The use of "respect" rather than "tolerance" in the title is very important. They are not the same words, and can have very specific meanings. Toleration is often used as a blunt instrument that silences voices and forces acceptance with tyrannical consiquences. To respect something doesn't always mean accepting as of equal importance. Respect is why I feel it is right for the cartoons to run and it is right for the Mulsims to demostrate against them. At the same time, intolerance is the reason why I feel it is wrong for the cartoons to run and it is wrong for the Muslims to demonstrate. Respect is about accepting the existance and important of viewpoints. Tolerance is simply intolerance of particular viewpoints that aren't within the accepted norm of permissable discussion.

The Muslim outcry over blasphemous cartoons has created a discussion between freedom of expression and decourum, democracy and religious passion. It is a discussion that secularists have thought unworthy of consideration when it comes to Christians. For too long Western secularism, especially of the Hollywood kind, has treated Christian beliefs as childish at best and dangerous at worst. What has the Christian reaction been? A stimied, but gradually louder, voice of dissent.

Hopefully the demonstrations by vocal Muslims will energize religious people in the West to resist their own beliefs getting brutalized. The problem is that Muslim demonstrators should not be role models for the future war against secularized society. Militantism is considered both unChristian and an exchange of one bad thing for another. It is, however, the resistance that Christians should emulate as they contend for the faith. But, there is something about taking actions that speak louder than words as long as it isn't violent. As examples:

NBC pulls the plug
on 'Book of Daniel'

Nashville's WSMV-TV General Manager Elden Hale, Jr. said: "Based on a review of the first three episodes and the clearly voiced concerns from our viewers, we have determined that the program 'The Book of Daniel' is not appropriate for broadcast television in this community."

After the first three episodes, only Burlington Coat Factory was left as a national sponsor.

The heat began to generate for the show following WND's first story. Shortly afterward, the American Family Association launched a national boycott, citing WND's story.

AFA Chairman Donald E. Wildmon said NBC's decision to cancel the program is instructive.

"This shows the average American that he doesn't have to simply sit back and take the trash being offered on TV, but he can get involved and fight back with his pocketbook," he said.

The network had to absorb millions of dollars in losses each time it aired the program, Wildmon pointed out, because the show's sponsors bailed out.

"We want to thank the 678,394 individuals who sent e-mails to NBC and the thousands who called and e-mailed their local affiliates," he added.

Besides Nashville, other NBC affiliates across the nation either never aired the show or stopped broadcasting it. They included Hattiesburg, Miss.; Meridian, Miss.; Jackson, Miss.; Amarillo, Texas; Wichita, Kan.; Beaumont, Texas; and Terre Haute, Ind.

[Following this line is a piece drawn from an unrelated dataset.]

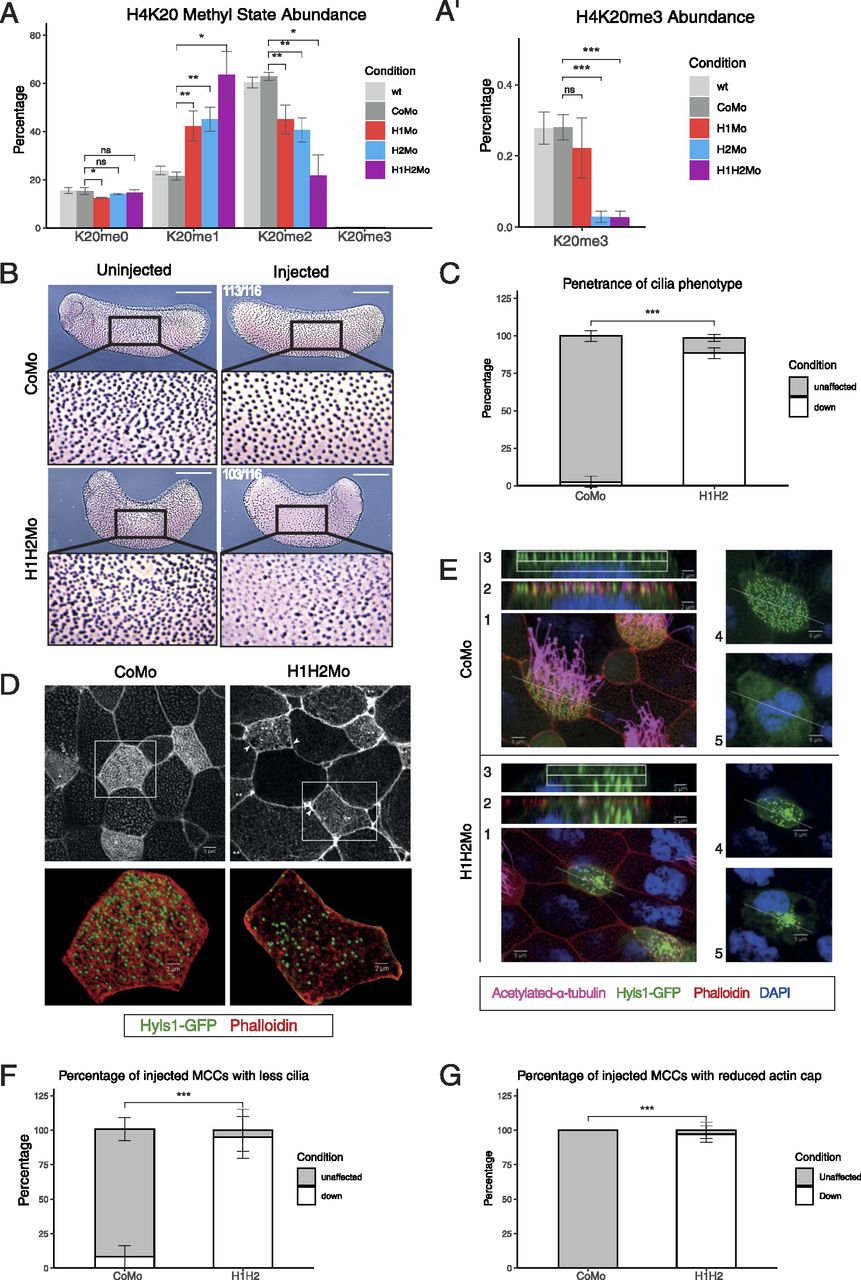 (A, A’) Relative abundance of H4K20 methyl states by mass spectrometry in X. laevis bulk embryonic chromatin upon control (CoMo), single or double KD of SUV4-20H1 and SUV4-20H2 enzymes. (B, C) Representative immunocytochemistry images of multiciliated cells (acetylated a-tubulin) in a tail bud stage embryo upon control or SUV4-20H dKD (inserts show enlarged sections of the same images, scale bars = 1 mm) and (C) quantification of (B) (n = 6 biological replicates). (D, E) Representative immunofluorescence images detailing the multiciliated cell phenotype upon suv4-20h1/2 KD. Basal bodies are green (hyls1-GFP), the cilia are magenta (acetylated a-tubulin antibody), the apical actin meshwork is red (phalloidin) and the nucleus is blue (DAPI). (E) Confocal analysis of the actin meshwork and docked basal bodies in CoMo or H1H2Mo-injected MCC. Panels show: 1—a representative MCC, 2—overlap between the actin cap and basal bodies on the apical surface, 3—basal bodies in only the uppermost Z-sections, 4—an apical view of the basal bodies, 5—a deep Z-section close to the cell nucleus. (F, G) Quantification of the number of MCCs showing reduced cilia and filamentous actin staining after confocal analysis. We measured 144 CoMo and 163 H1H2Mo-injected multiciliated cells. Error bars represent standard deviations. |

Only six episodes of the "Book of Daniel" were shot. Kevin Reilly, NBC Entertainment president, said the network's reluctance to order more episodes had more to do with the series' sluggish ratings performance than controversy.

NBC halts Britney's
crucifixion mockery

Reacting to pressure from Christian groups, NBC canceled an episode of "Will & Grace" that featured Britney Spears as a conservative who hosts a cooking segment called "Cruci-fixin's" on a Christian TV network.

NBC last week was forced to pull its highly touted new show "The Book of Daniel" because of charges its portrayal of Jesus was blasphemous.

The point is that Western society should learn how to be more respectful of faith. It shouldn't take a Fawtwa like stance in the decision to show respect. On the other hand, all religious people should understand enough of how Muslims feel about the sacred to reject the violence without throwing out the message.

It still leaves a question of how Mormons should respond to disrespect for the sacred. After all, there are some things in the LDS religion that have the same "don't touch" policy (although for different reasons) that Muslims do about their prophet. Should we take a stronger stand or ignore it as immature posturing?